[[ Records for this task, beginning ]]
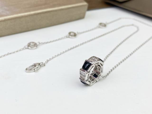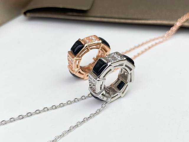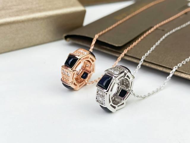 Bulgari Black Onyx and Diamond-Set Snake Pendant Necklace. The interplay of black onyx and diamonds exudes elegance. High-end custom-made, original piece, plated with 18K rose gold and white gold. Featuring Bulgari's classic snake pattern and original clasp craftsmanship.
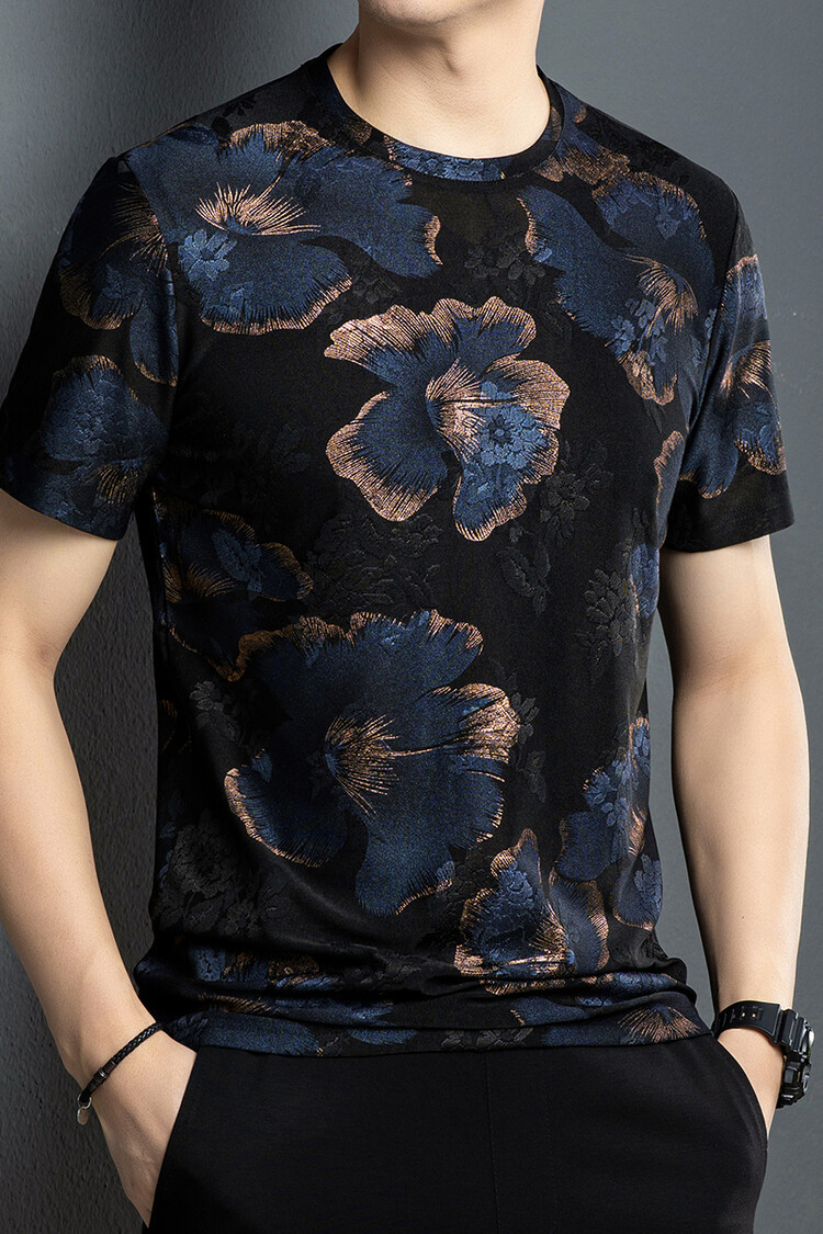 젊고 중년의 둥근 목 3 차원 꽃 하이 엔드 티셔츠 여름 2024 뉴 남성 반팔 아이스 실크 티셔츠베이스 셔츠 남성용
[[ Records for this task, end ]]
[[ Records for this task, beginning ]]
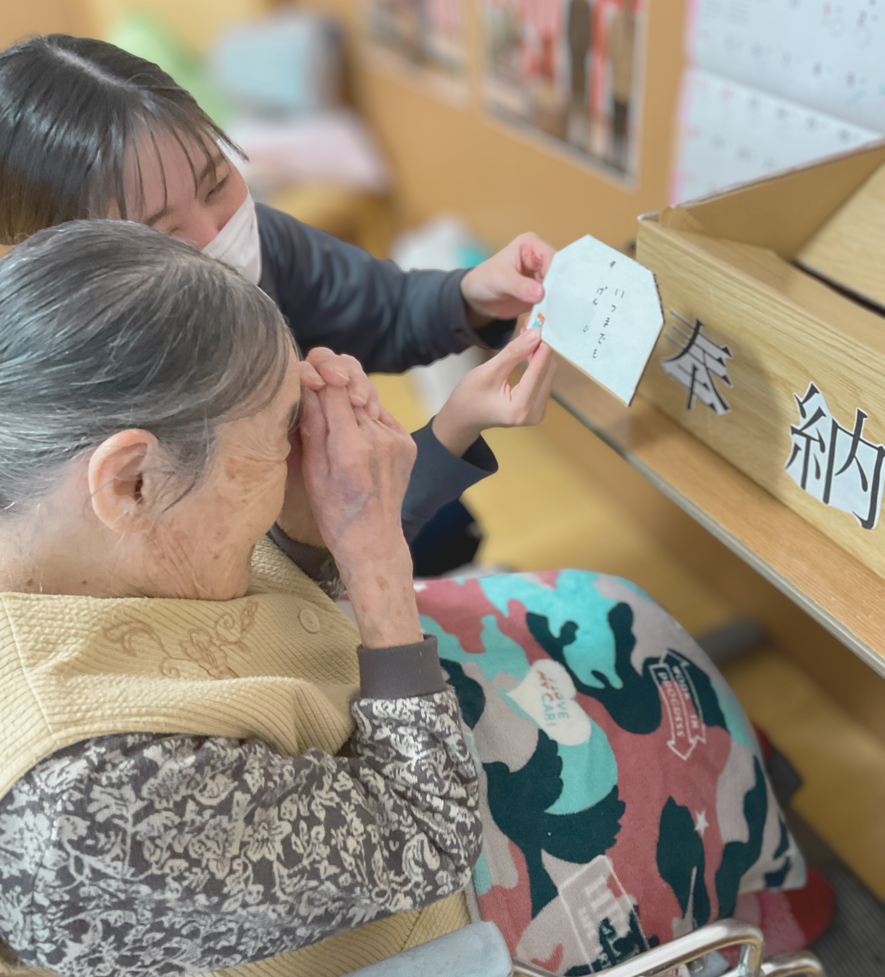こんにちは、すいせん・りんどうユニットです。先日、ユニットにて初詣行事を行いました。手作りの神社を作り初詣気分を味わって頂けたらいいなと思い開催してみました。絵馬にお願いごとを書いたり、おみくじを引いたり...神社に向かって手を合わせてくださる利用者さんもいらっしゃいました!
[[ Records for this task, end ]]
Exercise aim: Copy word for word the lines above, starting at the line containing "Bulgari Black Onyx" and ending at the line containing "젊고 중년의 둥근 목", inclusive, with no pictures.

Solution for this problem:
 Bulgari Black Onyx and Diamond-Set Snake Pendant Necklace. The interplay of black onyx and diamonds exudes elegance. High-end custom-made, original piece, plated with 18K rose gold and white gold. Featuring Bulgari's classic snake pattern and original clasp craftsmanship.
 젊고 중년의 둥근 목 3 차원 꽃 하이 엔드 티셔츠 여름 2024 뉴 남성 반팔 아이스 실크 티셔츠베이스 셔츠 남성용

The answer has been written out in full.